__EXERCISE DESCRIPTION__:
The required answer is the run of lines from the one holding "這個制作過程不能通過電路板黏" to the end of the data below, copied exactly and free of pictures.

__DATA SUPPLIED__:
-----

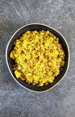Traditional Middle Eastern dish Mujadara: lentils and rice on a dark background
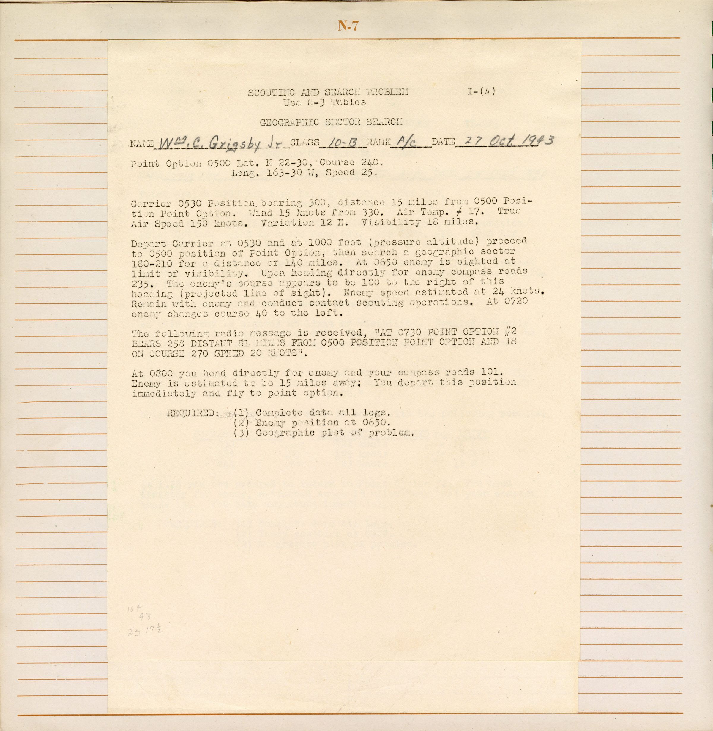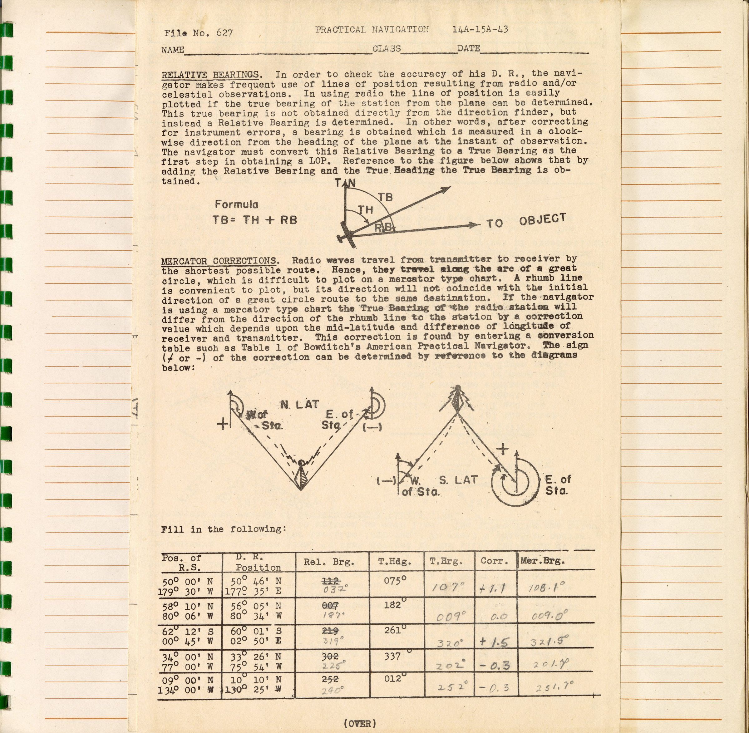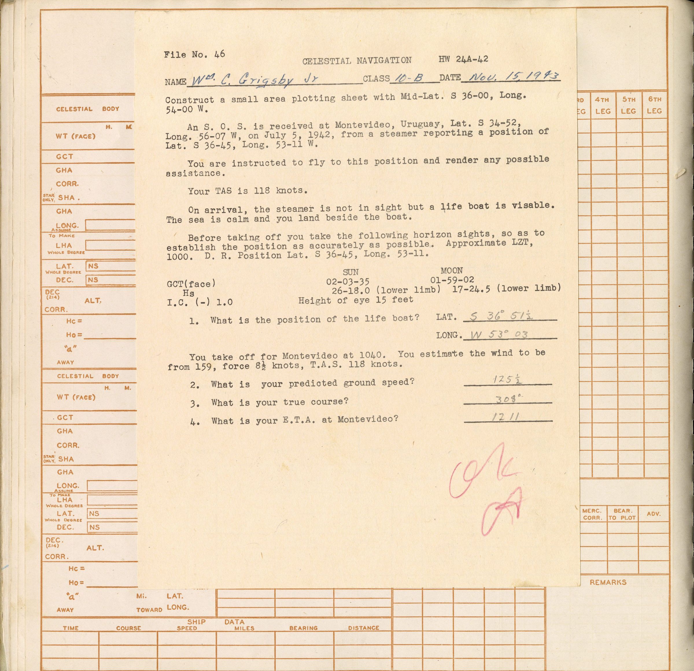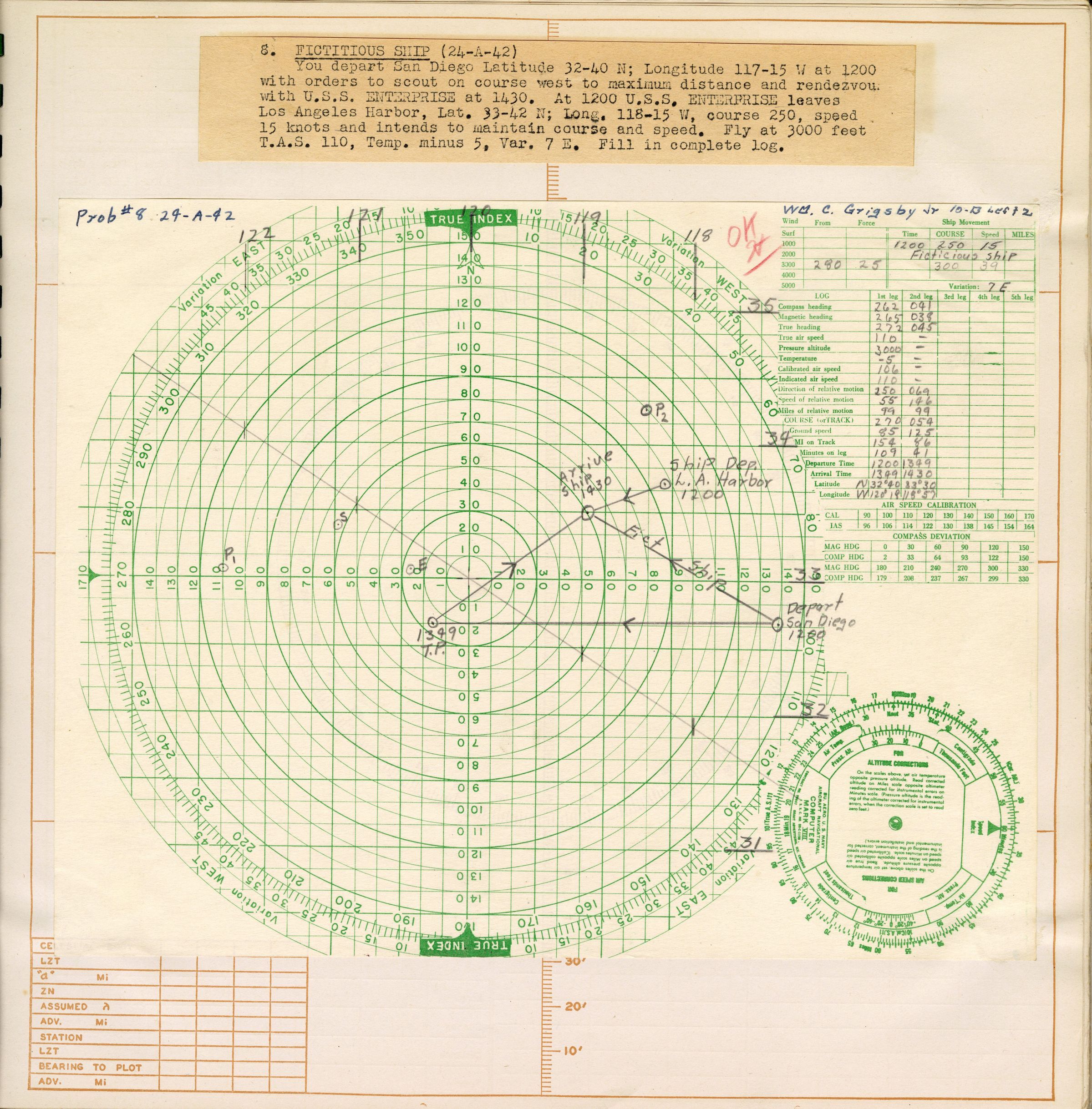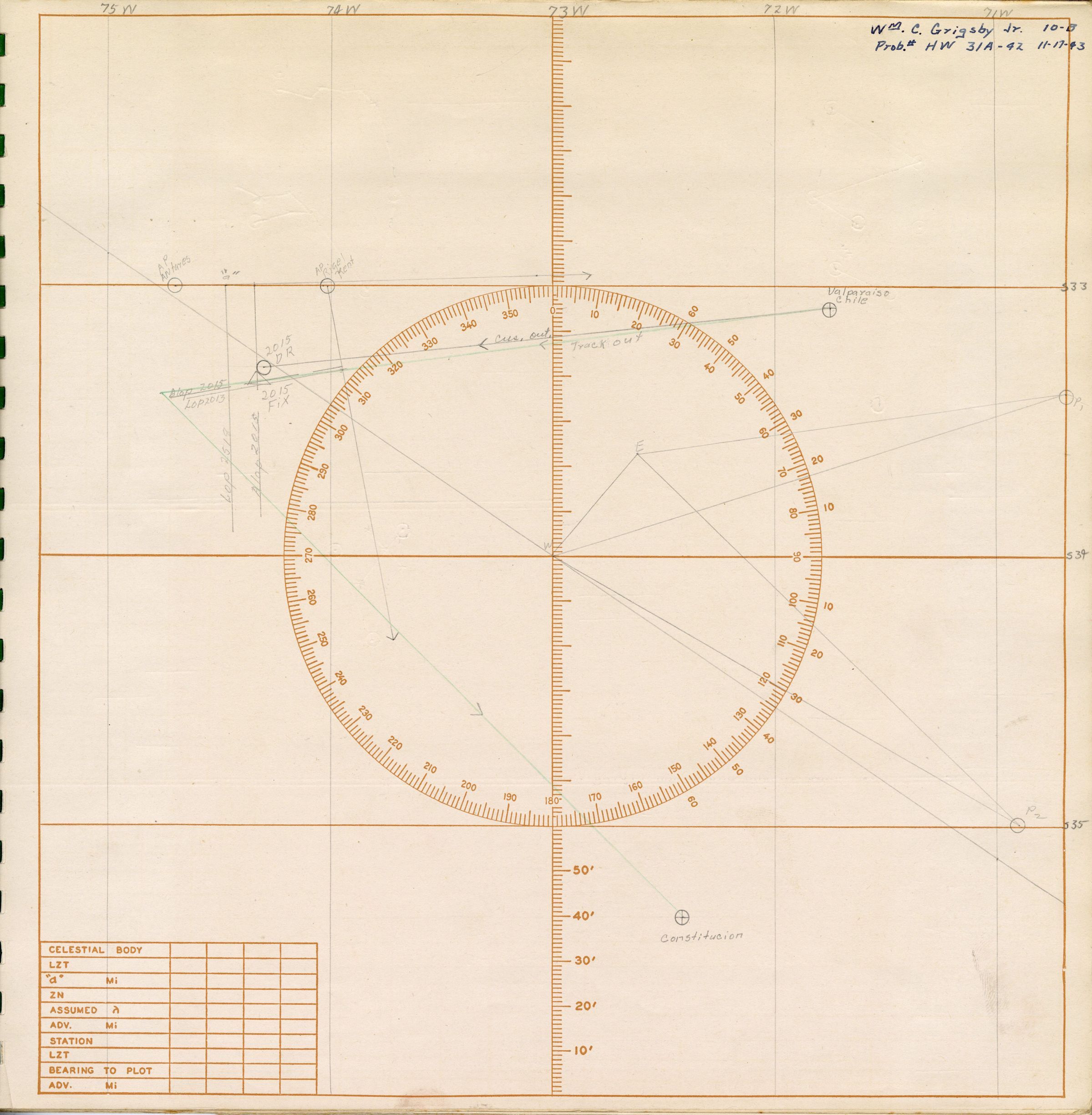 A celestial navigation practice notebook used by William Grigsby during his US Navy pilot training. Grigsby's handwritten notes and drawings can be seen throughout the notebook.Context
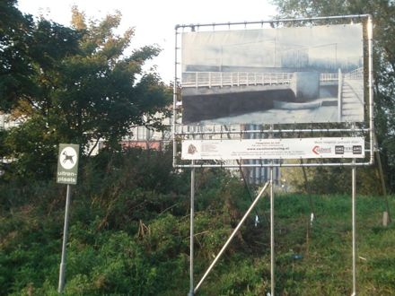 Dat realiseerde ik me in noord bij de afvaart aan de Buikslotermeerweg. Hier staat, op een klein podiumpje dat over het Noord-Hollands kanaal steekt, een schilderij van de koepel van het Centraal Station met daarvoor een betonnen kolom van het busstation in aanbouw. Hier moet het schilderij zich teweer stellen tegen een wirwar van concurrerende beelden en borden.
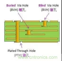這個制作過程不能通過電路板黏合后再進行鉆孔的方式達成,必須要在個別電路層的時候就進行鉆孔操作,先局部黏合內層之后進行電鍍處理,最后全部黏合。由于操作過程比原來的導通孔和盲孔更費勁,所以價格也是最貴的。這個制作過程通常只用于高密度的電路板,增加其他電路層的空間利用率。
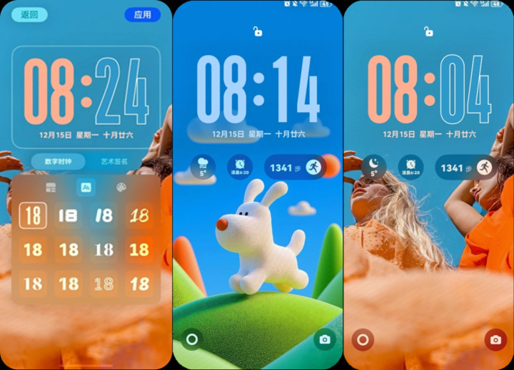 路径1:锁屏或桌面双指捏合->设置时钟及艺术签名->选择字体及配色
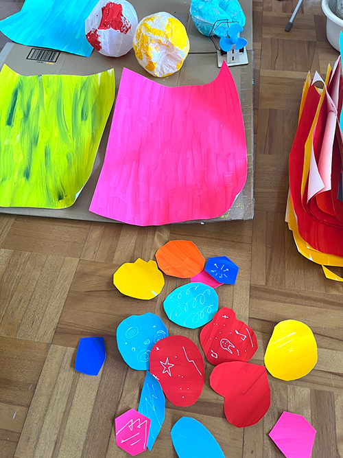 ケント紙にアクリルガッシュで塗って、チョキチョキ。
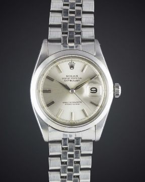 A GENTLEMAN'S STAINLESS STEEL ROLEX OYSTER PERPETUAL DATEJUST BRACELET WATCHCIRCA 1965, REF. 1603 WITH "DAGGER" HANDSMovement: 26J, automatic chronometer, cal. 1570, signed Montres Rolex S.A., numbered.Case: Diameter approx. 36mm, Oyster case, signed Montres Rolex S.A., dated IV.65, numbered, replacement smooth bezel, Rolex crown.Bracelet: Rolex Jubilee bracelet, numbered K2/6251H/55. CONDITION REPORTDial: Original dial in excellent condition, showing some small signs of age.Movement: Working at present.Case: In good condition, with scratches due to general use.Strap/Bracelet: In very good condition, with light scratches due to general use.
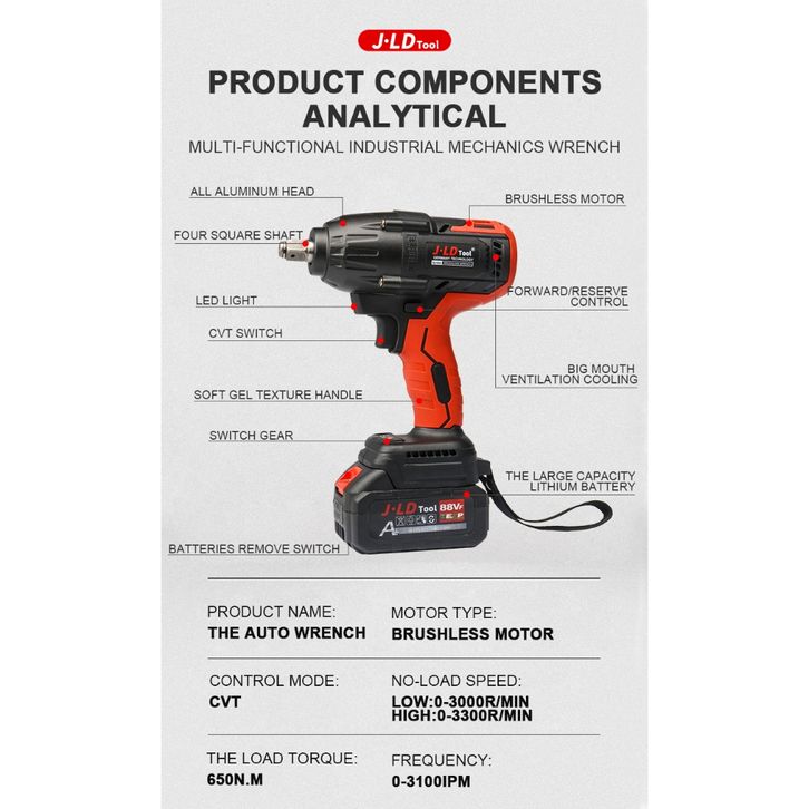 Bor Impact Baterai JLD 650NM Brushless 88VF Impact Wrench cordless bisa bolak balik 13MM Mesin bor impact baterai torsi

-----

__COMPLETED EXERCISE__:
這個制作過程不能通過電路板黏合后再進行鉆孔的方式達成,必須要在個別電路層的時候就進行鉆孔操作,先局部黏合內層之后進行電鍍處理,最后全部黏合。由于操作過程比原來的導通孔和盲孔更費勁,所以價格也是最貴的。這個制作過程通常只用于高密度的電路板,增加其他電路層的空間利用率。
 路径1:锁屏或桌面双指捏合->设置时钟及艺术签名->选择字体及配色
 ケント紙にアクリルガッシュで塗って、チョキチョキ。
 A GENTLEMAN'S STAINLESS STEEL ROLEX OYSTER PERPETUAL DATEJUST BRACELET WATCHCIRCA 1965, REF. 1603 WITH "DAGGER" HANDSMovement: 26J, automatic chronometer, cal. 1570, signed Montres Rolex S.A., numbered.Case: Diameter approx. 36mm, Oyster case, signed Montres Rolex S.A., dated IV.65, numbered, replacement smooth bezel, Rolex crown.Bracelet: Rolex Jubilee bracelet, numbered K2/6251H/55. CONDITION REPORTDial: Original dial in excellent condition, showing some small signs of age.Movement: Working at present.Case: In good condition, with scratches due to general use.Strap/Bracelet: In very good condition, with light scratches due to general use.
 Bor Impact Baterai JLD 650NM Brushless 88VF Impact Wrench cordless bisa bolak balik 13MM Mesin bor impact baterai torsi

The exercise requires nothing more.